Briefly Noted Book Reviews | The New Yorker

Ours, by Phillip B. Williams (Viking). In this ambitious début novel, a Harriet Tubman figure possessed of supernatural abilities founds a town in Missouri, whose first inhabitants she has rescued from slavery. Magically concealed from the outside world, the community is ostensibly a haven, yet the weight of its inhabitants’ pasts and the confines of safety prove to be difficult burdens. In lush, ornamental prose, Williams, who is also a poet, traces many characters’ entwined journeys as they seek to understand the forces that assemble and separate them. The novel is an inventive ode to self-determination and also a surrealistic vision of Black life as forged within the crucible of American history.

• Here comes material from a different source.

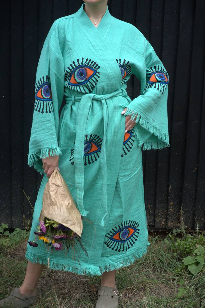 • Long Organic Cotton Robe: Jade Green Eye, thumbnail 2 of 4

Worry, by Alexandra Tanner (Scribner). This dryly witty novel centers on Jules, a twenty-eight-year-old aspiring novelist turned study-guide editor living in Brooklyn, and her younger sister, who has just moved in with her. Jules swings between irritation and compassion toward her sibling; she notes that “having a sister is looking in a cheap mirror: what’s there is you, but unfamiliar and ugly for it.” Jules is just self-aware enough to admit that chief among her joys in life is feeling superior to others. She spins a fixation on her Instagram feed as research for “a book-length hybrid essay” on feminism, capitalism, antisemitism, and the Internet. As Tanner’s novel explores these topics, its depiction of Jules’s relationships also highlights absurdities of contemporary culture and the consequences of self-absorption.